Exercise requirements
Return the data below exactly, please, but drop the pictures.

Input data
•••••

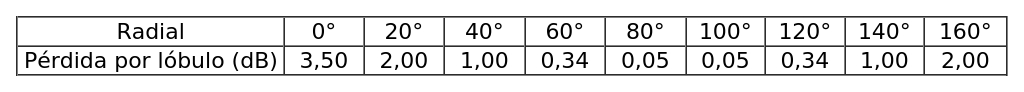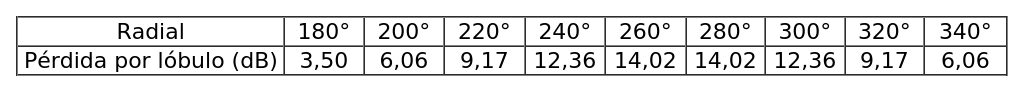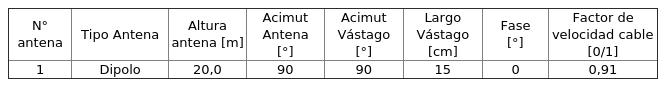- Arreglo de antenas, de acuerdo al siguiente cuadro:
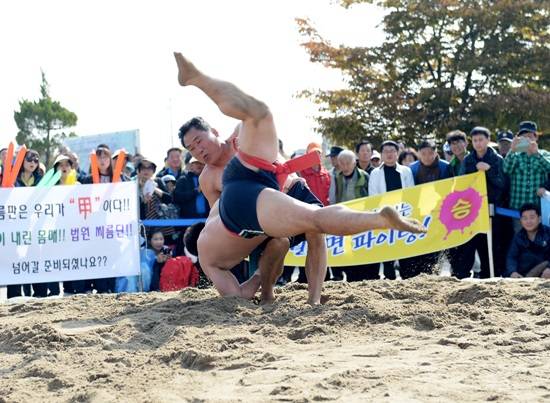 ▲파주개성인삼축제에서는 씨름대회 등 시민들이 참여할 수 있는 볼거리와 먹거리가 풍부했다.
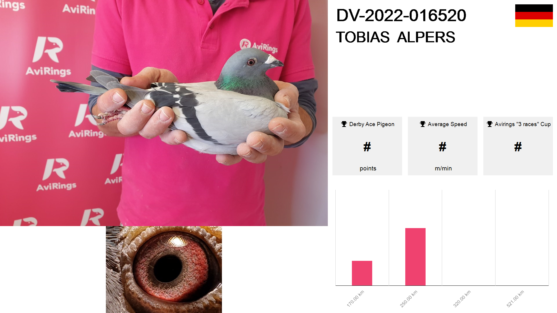 | Race | Position | Number of pigeons | Percent | Speed | Distance |

•••••

Result of the task
- Arreglo de antenas, de acuerdo al siguiente cuadro:
 ▲파주개성인삼축제에서는 씨름대회 등 시민들이 참여할 수 있는 볼거리와 먹거리가 풍부했다.
 | Race | Position | Number of pigeons | Percent | Speed | Distance |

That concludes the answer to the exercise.